An integrated baseline to farming systems research has been drawn in [Fig-1] , compounded personal, organizational, national/regional and global levels, different domain and times. Each level can affect behavior [68] . In personal level, farmers are heterogeneous in terms of socio-cultural background, economic situation, representing autonomous decision-makers which make their own decisions in accordance with objective and subjective rules [87] . Additionally, their behavioral options can be unquestionably influenced by the production organization e.g. private or commercial production organization (e.g. commercial production organization can impose a kind of specific crop to plant). Associated with regional and national institutions, for example, if they advocate laws related to precision agriculture, many farming systems might adapt themselves to this kind of agriculture. Moreover, global policies can affect farmers’ options, for example sole increase of crop production to undertake food security on one hand and crop production accompanied with environmental considerations on the other hand can extent or limit farmers’ options to use natural resources. Therefore, each level can introduce specific social, economic, ecological, political domains.

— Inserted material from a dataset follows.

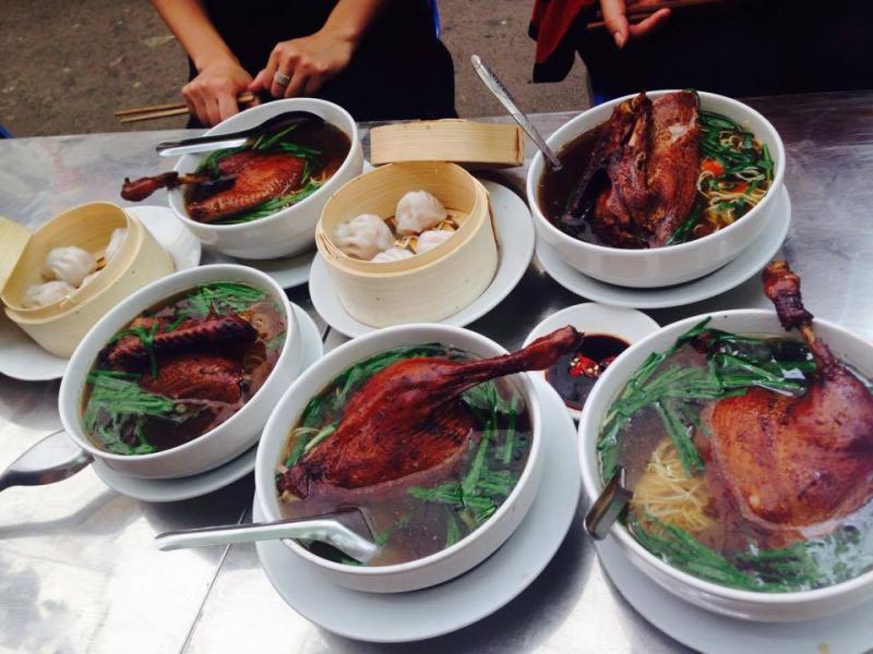 Vịt quay Quảng Đông là đặc sản mà bạn không thể bỏ qua khi thưởng thức ẩm thực Trung Hoa. Tuy nhiên ở Hà Nội, bạn cũng có thể dễ dàng tìm được hương vị chuẩn Vịt quay Quảng Đông ngay tại con phố Thái Thịnh. Người Quảng Đông để làm nên món ăn được du khách gần xa ngưỡng mộ phải chú trọng ngay những khâu nhỏ nhất. Sau khi vặt sạch lông, con vịt không được mổ phanh như cách chúng ta vẫn làm. Chỉ khoét một lỗ nhỏ trên mình con vịt lấy nội tạng ra. Với cách làm này khi nướng vịt không những mềm, không mất nước mà thịt cũng ngọt và đậm đà hơn.
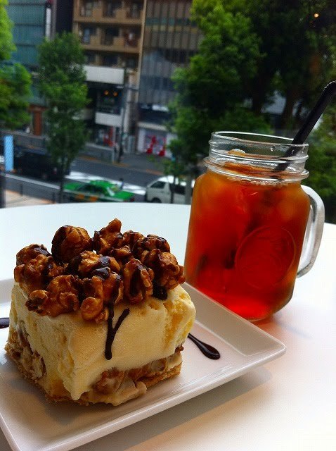 通りが眺められる窓際の席にアイスが運ばれてきました。見るからに美味しそうなビジュアルです。

Looking at the interactions between the social and natural systems, changes in the social system refer to changes in technology, economy, demography (or population), institutions and culture; whereas natural system changes are imputed to those emerged by humans e.g. air and water pollution, global warming, natural resource degradation etc [38] . Given different kinds of changes and different levels which contain factors affecting behavior, some examples can be taken into account. For example, how farmers’ intention (in specific thresholds) changes to adopt new agricultural technologies disseminated in local farms overtime; how farmers’ attitude toward agricultural energy resources (e.g. water, fertilizers, chemicals, fossil fuels, electricity etc) is differentiated (e.g. altruism, exploitive, etc) over time; how conflicts emerge between different stakeholders over access to natural resources and how local energy resources become unsustainable by interactions of farmers with different decision-making strategies over time?
To reproduce processes in agro-environmental systems, agent-based modeling (ABM) is an appropriate approach. Applied in economics, political science, sociology etc [26] , it enables researchers to understand the dynamic behavior of complex systems [53] . It also permits flexible design of how individual entities behave and interact; therefore, it may be the only way to go forward certain research questions [64] . The tenets of agent and agency have taken a main role in defining research in social and behavioral sciences [83] . Widely, an agent is defined as a self-contained software element that takes action autonomously on behalf of a user (e.g., person or organization etc); therefore, each agent has its own sequence of actions and interactions performed over a time [61,80] . Agents can range from active data-gathering decision-makers with complicated learning abilities to passive world traits with no cognitive functioning [85] . Drigo (2010) has presented the information about traits of agents such as autonomous, self-directed, modular, self-contained, heterogeneous, learner-adapter, social and interacting, goals-possessor to stimulate the behavior, engaged in local interactions, bounded-rationality-oriented (i.e. making decisions on the basis of the local and incomplete information) and emergent-bases behavior. These units of analysis are autonomous entities that can perceive, decide, and act on its own, in accordance with its own interest, but may also cooperate with others to achieve common goals [83,36] . The virtual worlds in which units of analysis or agents can interact together is called the environment, involving both as entirely neutral context with little or no influence on agents and as carefully manufactured as the agents themselves [26] . In agent-based simulation, models are often qualified by several parameters with nonlinear interactions which together to determine the large-scale system dynamics [53] . Gilbert and Terna (1999) have presented overall scheme of agent-based modeling, as shown in [Fig-2] .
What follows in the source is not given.